Oh, da muss ich wohl noch weiter ausholen ;-)
....
also ich möchte den "Runtime DB" in Excel mit den aktuellen Daten haben.
Für ein Protokoll zur Stördatenerfassung.
Gruss Tobias


----------



## Martin Glarner (14 Juli 2003)

Hallo,
Ich entwickle zur Zeit eine Exceldatei, mit der man Datenbausteine und UDTs sehr konfortabel erstellen kann.
Nach der Inbetriebnahme können die Aktualwerte mit Hilfe des Siemens Treibers "Prodave" direkt ins Excel geladen werden. Anschliessend können die Aktuallwerte in die Spalte Anfangswerte kopiert werden.
Das laden aus der SPS funktioniert mit allen elementaren Datentypen.

Für Deine Anwendung genügt allerdings das auslesen aus einem DB.
Mit Prodave kann man aus einem DB eine gewisse Anzahl Byte oder Wörter auslesen. Anschliessend können die Daten mit Excel VBA ausgewertet werden.


----------



## Mark (14 Juli 2003)

Schaut Euch mal den ersten Eintrag dieser Siemens Homepage an: 
http://www4.ad.siemens.de/csinfo/li...search.asp&Query=Export+von+S7+Datenbausteine


----------



## Markus (19 Juli 2003)

ein kollege von mir hat mir letztens ne excel tabelle gezeigt die über protool auf die daten zugreift. hab aber nur einen kurzen blick reingeworfen, aber ich frag ihn am montag mal ober er hier eine kurze beschreibung dazu veröffentlicht, mich persöhnlich würde das auch interessieren...


----------



## MarkusOl (2 August 2003)

*MarkusOl*

Hallo,
es geht über Prodave ganz gut... es sind sogar Beispiele mit Quelltext (c,vb) vorhanden... also nur noch Deklarationen,Globals, etc in den Excelcode einfügen(als Modul)...und los gehts....bei Problemen eben melden...
                             mfg Markus


----------



## Rengel (3 Februar 2004)

Hallo!

Sowas in der Art möchte ich im Moment mit einer S7-224 realisieren.

Ich plane eine Ofensteuerung und muß die Temperatur alle 5 Minuten abspeichern. Das ist ja eigentlich kein Problem diese in einen DB zu schreiben.

Nun muß ich die Daten aber auch per Notebook auslesen und in eine Excel Tabelle oder Access Datenbank importieren.
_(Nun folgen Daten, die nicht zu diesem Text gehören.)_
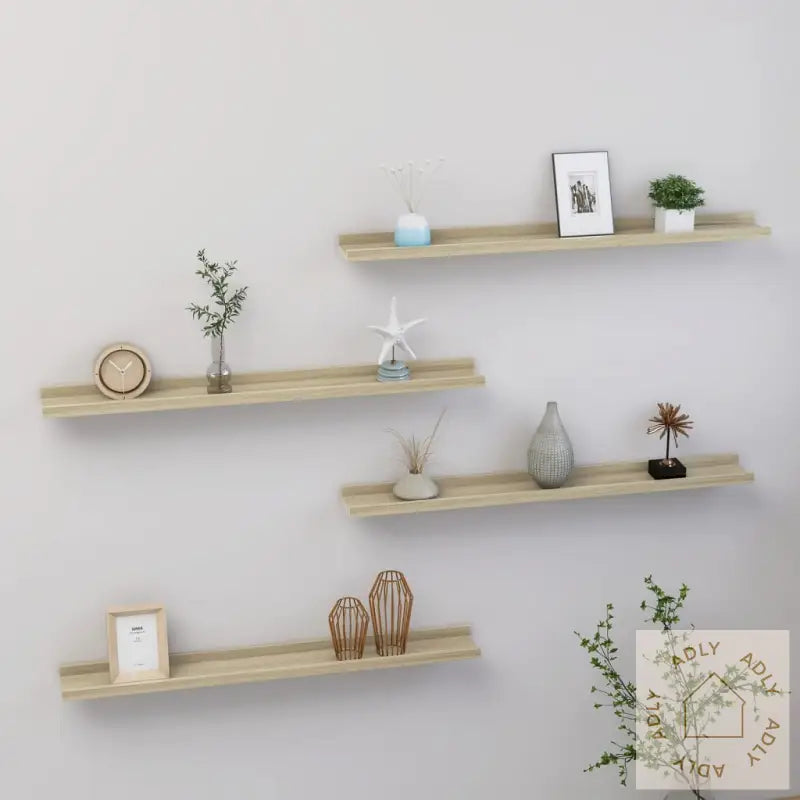 Den veggmonterte hyllen er laget av slitesterk MDF i den populære finishen sonoma eik. Dette robuste materialet gjør at hyllene tåler bruk over lang tid, samtidig som de tilfører rommet et moderne utseende. Hyllene kan enkelt plasseres over skap, sofa eller bord, noe som gir deg fleksibilitet til å utnytte veggplassen optimalt og friske opp interiøret ditt. Kombiner gjerne med dine andre bokhyller for ekstra oppbevaringsmuligheter eller erstatt stående hyller for en luftig følelse.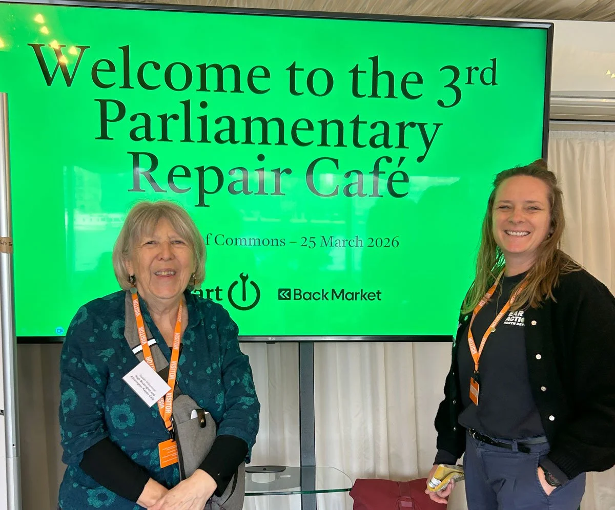 At the end of March, EAND had the privilege of joining representatives from over 100 repair cafes across the UK at a very special event: a repair cafe right in the heart of Parliament, hosted by The Restart Project and Back Market. We were there alongside our brilliant friend and collaborator Sue Williamson from the High Bickington and Atherington Repair Cafe, representing not just our own work but the entire North Devon Repair Cafe Network.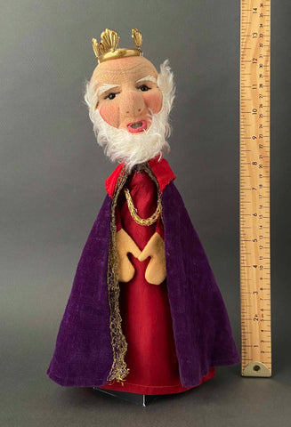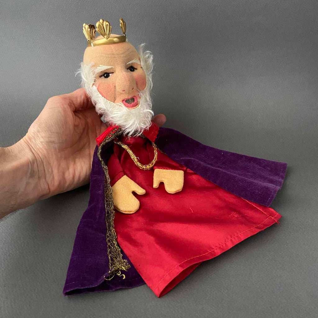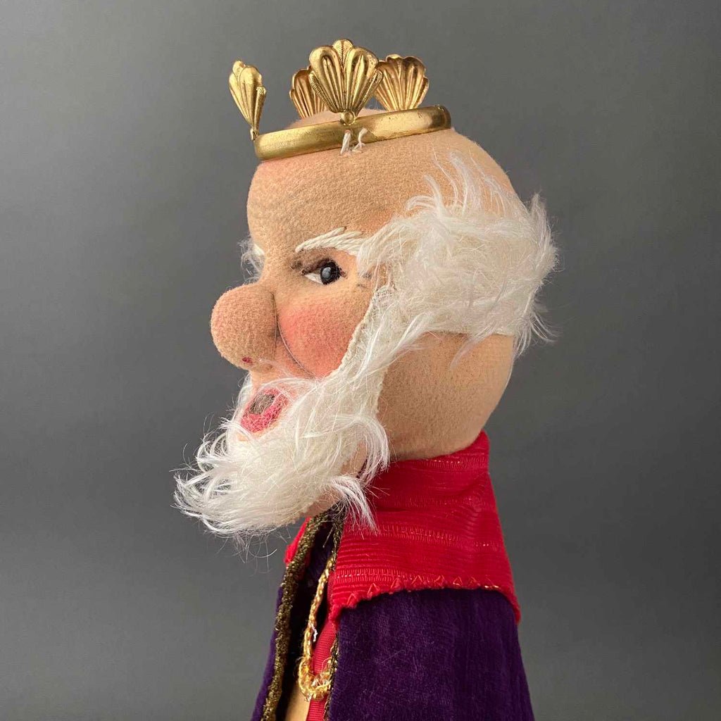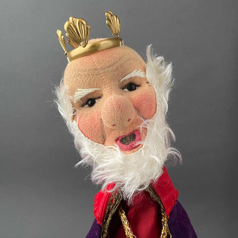 Founded in 1925, KERSA is Europe's leading hand puppet maker. Crafting puppets has been a family tradition over four generations and the company is still in production today. KERSA stands for "Kreative Erzeugnisse Realisiert im Spielwaren Atelier", a German phrase that conveys their main vision: to create products in an artistic manner while promoting the children's imagination. This King Hand Puppet is an example of Kersa's amazing craftsmanship and was made in Mindelheim, Germany, circa 1960s. His fairy tale expression, with mohair beard, plastic eyes and hand stitched features, is adorable. His body is made of fabric with detailed felt hands. He wears a velvet-like cape and a metal crown. The head is stuffed with soft material and has a cardboard finger tube for movement. Little King can't wait to join your royal vintage toy collection!

Laut Siemens kann man das ganze mit einer Ethernetkarte an der S7-200 in Verbuindung mit einem OPC Server realisieren. Diese Version ist mir mit insg. über 400 Euro aber etwas zu teuer. Weiß da jemand eine andere Möglichkeit die Messdaten aus dem DB auf den PC zu bekommen?

Danke für Tips

MfG Rengel


----------



## Zottel (3 Februar 2004)

http://libnodave.sourceforge.net.
Für Windows müstest du halt nur ein bischen C-code anpassen.


----------



## Rengel (3 Februar 2004)

Hallo!

Leider leichter gesagt als getan  Eine andere Möglichkeit ist nicht bekannt?


----------



## tommy (3 Februar 2004)

wenn du ein mp dran hängen hast kannst es ja über protool in eine csv schreiben...
mfg


----------



## Rengel (3 Februar 2004)

tommy schrieb:
			
		

> wenn du ein mp dran hängen hast kannst es ja über protool in eine csv schreiben...
> mfg



Hallo

Meinst du mit mp ein Notebook  ?

Also ich arbeite ja mit einer S7-200 und MicroWin. 

Ich habe zwar ein TD 200 dran aber das benötigt ja kein Pro Tool. Zur Anbindung an den PC nutze ich ein USB/PPI Kabel. 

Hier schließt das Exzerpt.